Data for this task: Begin

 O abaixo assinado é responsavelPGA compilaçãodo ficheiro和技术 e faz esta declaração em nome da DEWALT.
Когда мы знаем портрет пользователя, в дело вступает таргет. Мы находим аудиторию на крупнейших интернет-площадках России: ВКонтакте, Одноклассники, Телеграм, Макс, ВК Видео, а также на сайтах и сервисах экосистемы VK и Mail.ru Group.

Data for this task: End
Data for this task: Begin

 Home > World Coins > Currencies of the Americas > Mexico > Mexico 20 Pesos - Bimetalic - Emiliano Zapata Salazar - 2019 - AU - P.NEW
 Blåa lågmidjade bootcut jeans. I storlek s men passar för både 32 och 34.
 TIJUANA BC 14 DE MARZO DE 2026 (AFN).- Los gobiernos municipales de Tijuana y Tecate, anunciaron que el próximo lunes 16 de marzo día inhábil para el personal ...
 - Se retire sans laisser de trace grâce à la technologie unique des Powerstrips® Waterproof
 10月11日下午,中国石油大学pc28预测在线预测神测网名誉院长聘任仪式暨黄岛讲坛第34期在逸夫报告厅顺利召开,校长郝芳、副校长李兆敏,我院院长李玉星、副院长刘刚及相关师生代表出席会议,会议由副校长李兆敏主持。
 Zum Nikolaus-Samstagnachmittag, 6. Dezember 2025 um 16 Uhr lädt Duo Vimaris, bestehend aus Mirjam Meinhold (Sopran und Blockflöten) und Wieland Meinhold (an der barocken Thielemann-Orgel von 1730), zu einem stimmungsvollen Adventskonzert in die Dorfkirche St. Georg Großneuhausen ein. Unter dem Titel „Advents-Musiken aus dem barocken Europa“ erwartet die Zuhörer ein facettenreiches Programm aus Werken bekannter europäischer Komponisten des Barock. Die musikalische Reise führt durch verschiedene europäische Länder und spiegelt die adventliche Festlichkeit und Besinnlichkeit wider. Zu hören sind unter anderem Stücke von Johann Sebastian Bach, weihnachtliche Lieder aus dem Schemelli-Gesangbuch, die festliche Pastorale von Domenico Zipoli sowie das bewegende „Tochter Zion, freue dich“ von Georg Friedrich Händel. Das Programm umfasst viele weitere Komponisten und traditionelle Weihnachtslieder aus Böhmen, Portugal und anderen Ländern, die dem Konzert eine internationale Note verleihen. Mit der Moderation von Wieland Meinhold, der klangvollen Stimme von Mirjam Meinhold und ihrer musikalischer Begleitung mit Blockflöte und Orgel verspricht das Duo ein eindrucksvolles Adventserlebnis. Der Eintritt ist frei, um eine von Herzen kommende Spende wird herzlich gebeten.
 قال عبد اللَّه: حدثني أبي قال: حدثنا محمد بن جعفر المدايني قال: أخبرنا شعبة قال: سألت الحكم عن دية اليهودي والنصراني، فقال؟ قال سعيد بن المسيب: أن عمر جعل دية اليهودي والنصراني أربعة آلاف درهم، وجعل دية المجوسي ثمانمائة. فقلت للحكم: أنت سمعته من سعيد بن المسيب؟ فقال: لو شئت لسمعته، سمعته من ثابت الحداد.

Data for this task: End
Data for this task: Begin

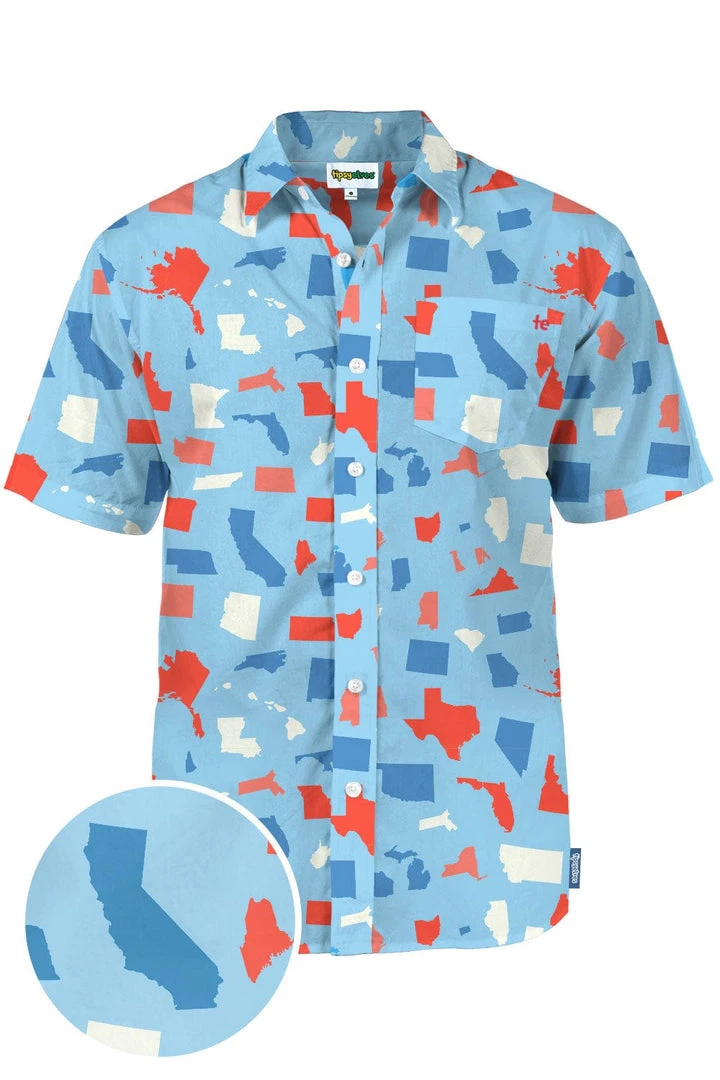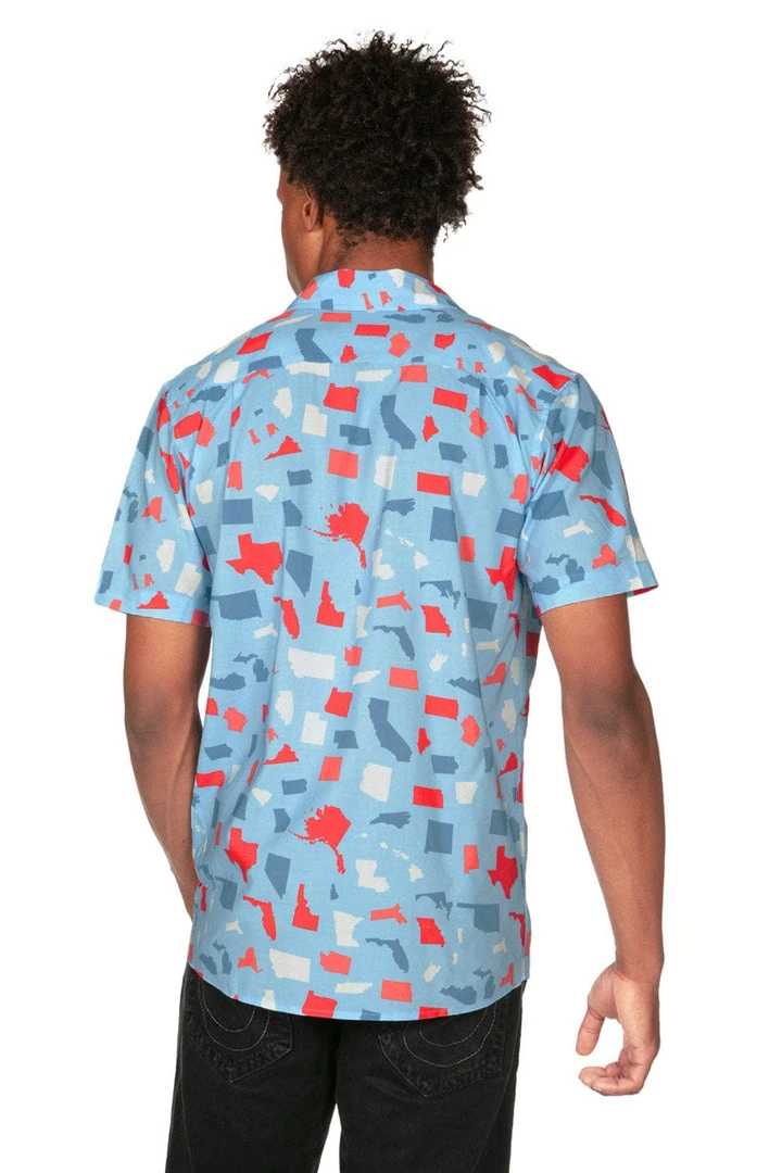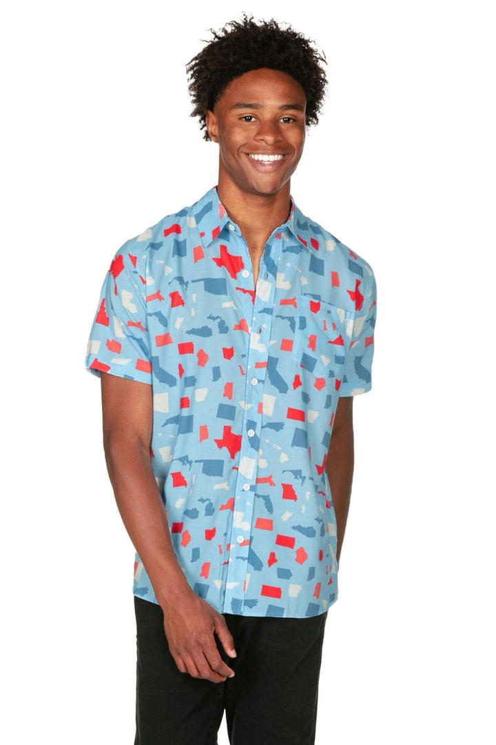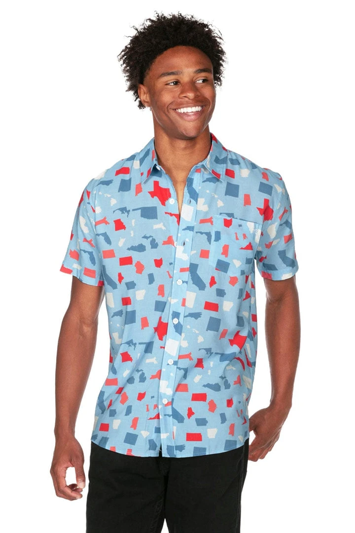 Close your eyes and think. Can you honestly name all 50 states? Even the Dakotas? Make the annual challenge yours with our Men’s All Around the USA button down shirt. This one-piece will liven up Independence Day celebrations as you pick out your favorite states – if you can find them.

Data for this task: End

Task instructions
Write out exactly the lines that fall from the line with "TIJUANA BC 14" to the line with "Zum Nikolaus-Samstagnachmittag, 6." in the records above, keeping both ends.

Problem solution
 TIJUANA BC 14 DE MARZO DE 2026 (AFN).- Los gobiernos municipales de Tijuana y Tecate, anunciaron que el próximo lunes 16 de marzo día inhábil para el personal ...
 - Se retire sans laisser de trace grâce à la technologie unique des Powerstrips® Waterproof
 10月11日下午,中国石油大学pc28预测在线预测神测网名誉院长聘任仪式暨黄岛讲坛第34期在逸夫报告厅顺利召开,校长郝芳、副校长李兆敏,我院院长李玉星、副院长刘刚及相关师生代表出席会议,会议由副校长李兆敏主持。
 Zum Nikolaus-Samstagnachmittag, 6. Dezember 2025 um 16 Uhr lädt Duo Vimaris, bestehend aus Mirjam Meinhold (Sopran und Blockflöten) und Wieland Meinhold (an der barocken Thielemann-Orgel von 1730), zu einem stimmungsvollen Adventskonzert in die Dorfkirche St. Georg Großneuhausen ein. Unter dem Titel „Advents-Musiken aus dem barocken Europa“ erwartet die Zuhörer ein facettenreiches Programm aus Werken bekannter europäischer Komponisten des Barock. Die musikalische Reise führt durch verschiedene europäische Länder und spiegelt die adventliche Festlichkeit und Besinnlichkeit wider. Zu hören sind unter anderem Stücke von Johann Sebastian Bach, weihnachtliche Lieder aus dem Schemelli-Gesangbuch, die festliche Pastorale von Domenico Zipoli sowie das bewegende „Tochter Zion, freue dich“ von Georg Friedrich Händel. Das Programm umfasst viele weitere Komponisten und traditionelle Weihnachtslieder aus Böhmen, Portugal und anderen Ländern, die dem Konzert eine internationale Note verleihen. Mit der Moderation von Wieland Meinhold, der klangvollen Stimme von Mirjam Meinhold und ihrer musikalischer Begleitung mit Blockflöte und Orgel verspricht das Duo ein eindrucksvolles Adventserlebnis. Der Eintritt ist frei, um eine von Herzen kommende Spende wird herzlich gebeten.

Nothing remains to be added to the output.